Apple announced its latest education initiatives at an event in the Guggenheim Museum in New York yesterday. Clearly following Steve Jobs’ vision to reinvent textbooks, Apple has launched the iBooks 2 app, the iBooks Author tool, and the new iTunes U.
The Apple iBooks 2 app is available on the app store now, for free. The app has been designed provide an interactive textbook experience on the iPad. Apart from interactivity, the new iBooks 2 textbooks will be better than paper books by virtue of being searchable, updatable, durable, and more portable. iBooks 2 textbooks for the iPad can contain multimedia content from video to interactive graphics, and allow note-taking, and definition searches. The platform also allows students to create study cards and lesson reviews, and choose custom layouts according to personal preferences.

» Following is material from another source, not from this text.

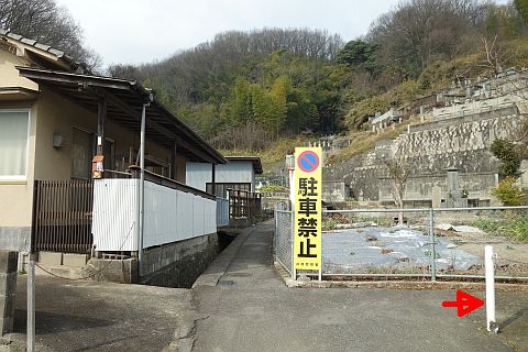墓地の入り口にある丁字路を右折
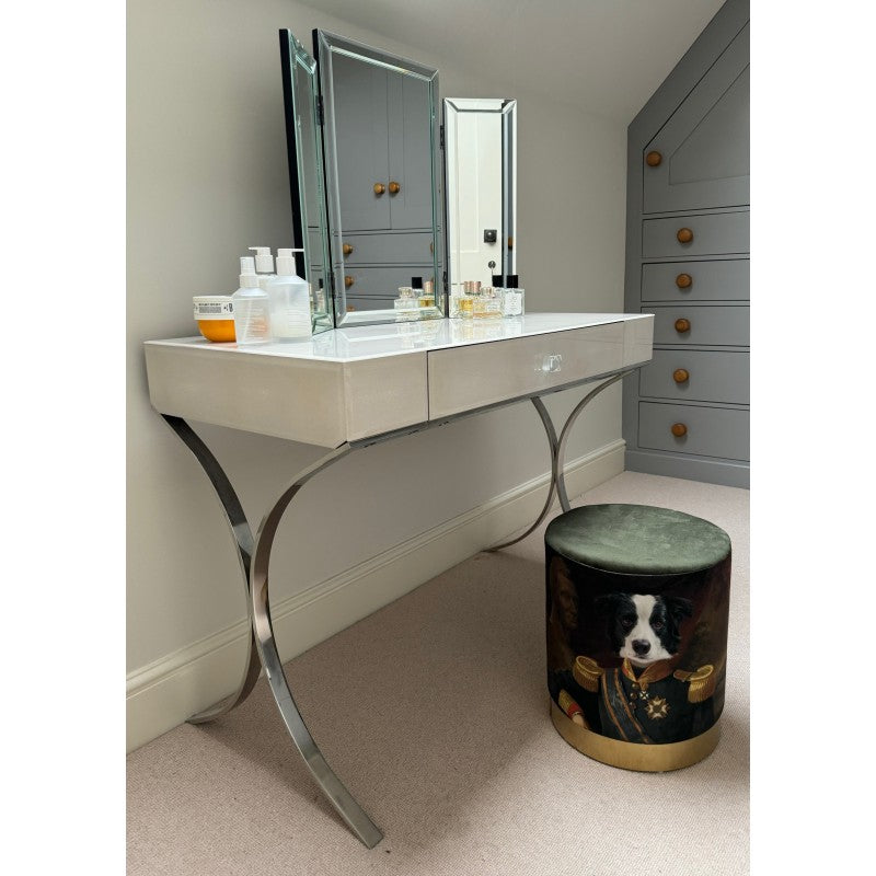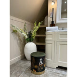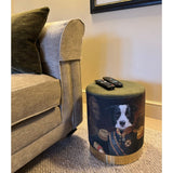 Both sides of the stool feature an anthropomorphic print depicting a Border Collie dog dressed in a vintage outfit. This fun stool can be used in any room as a statement interior styling feature.

The fruity giant announced it had already partnered with a variety of publishers, including Houghton Mifflin Harcourt, McGraw-Hill and Pearson, to develop digital high school textbooks.
According to the product description of iBooks 2 on the App Store:
“The iBookstore offers textbooks on Algebra, Biology, Chemistry, Geometry, and Physics from McGraw-Hill and Pearson. These textbooks are currently available to customers in the United States. Textbooks from Houghton Mifflin Harcourt are coming soon.”
Apple says the high school textbooks will be priced at $14.99 or less, which it says is much more affordable than print textbooks. This however, doesn’t take into account that most schools in Apple’s primary market – the U.S. – provide textbooks for free.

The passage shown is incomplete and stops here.